• [DATA EXTRACT]:
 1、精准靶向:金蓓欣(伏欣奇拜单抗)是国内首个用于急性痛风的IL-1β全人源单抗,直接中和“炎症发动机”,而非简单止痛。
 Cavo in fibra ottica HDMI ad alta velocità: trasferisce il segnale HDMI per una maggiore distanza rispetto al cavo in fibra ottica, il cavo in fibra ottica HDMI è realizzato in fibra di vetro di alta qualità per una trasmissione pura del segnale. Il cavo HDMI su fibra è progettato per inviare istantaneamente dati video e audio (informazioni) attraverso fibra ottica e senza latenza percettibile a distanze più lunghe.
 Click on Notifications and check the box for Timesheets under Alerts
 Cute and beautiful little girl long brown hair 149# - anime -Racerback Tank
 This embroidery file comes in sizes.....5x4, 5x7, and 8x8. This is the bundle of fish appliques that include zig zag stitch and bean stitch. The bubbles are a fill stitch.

---

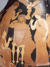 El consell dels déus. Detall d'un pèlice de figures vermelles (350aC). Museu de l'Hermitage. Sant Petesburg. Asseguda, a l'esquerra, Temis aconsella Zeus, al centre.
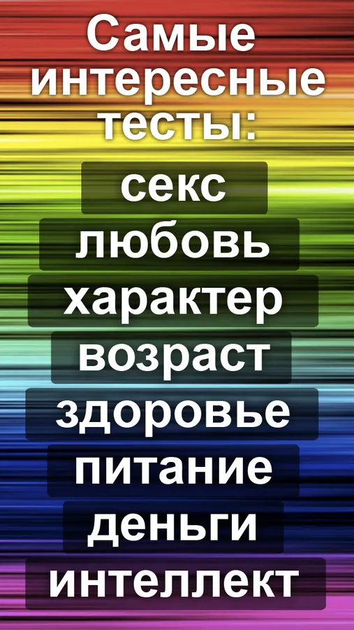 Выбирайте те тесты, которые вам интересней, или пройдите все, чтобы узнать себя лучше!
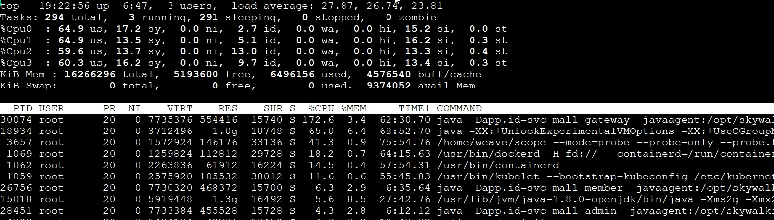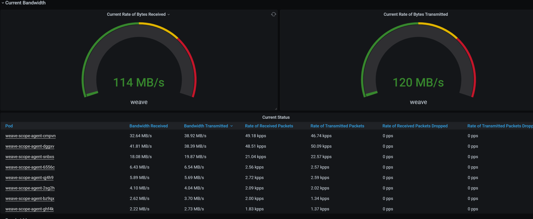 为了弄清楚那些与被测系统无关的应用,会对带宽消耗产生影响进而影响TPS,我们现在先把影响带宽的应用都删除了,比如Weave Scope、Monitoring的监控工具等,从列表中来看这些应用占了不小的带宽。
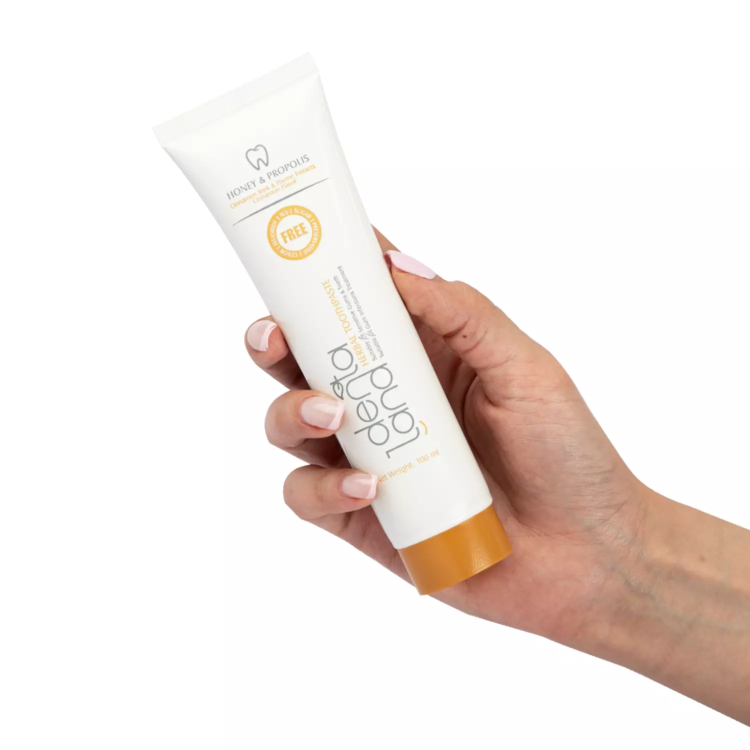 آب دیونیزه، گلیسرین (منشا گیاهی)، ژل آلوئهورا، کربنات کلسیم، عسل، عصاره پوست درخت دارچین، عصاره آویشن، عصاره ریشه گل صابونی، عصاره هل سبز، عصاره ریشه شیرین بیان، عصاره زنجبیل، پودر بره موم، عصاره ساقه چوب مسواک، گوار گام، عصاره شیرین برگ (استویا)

• [ABOUT THIS TASK]:
Look in the material above for the line with "Click on Notifications" and the line with "This embroidery file", and transcribe exactly those lines and all lines between them, nothing more.

• [THE COMPLETED TASK]:
 Click on Notifications and check the box for Timesheets under Alerts
 Cute and beautiful little girl long brown hair 149# - anime -Racerback Tank
 This embroidery file comes in sizes.....5x4, 5x7, and 8x8. This is the bundle of fish appliques that include zig zag stitch and bean stitch. The bubbles are a fill stitch.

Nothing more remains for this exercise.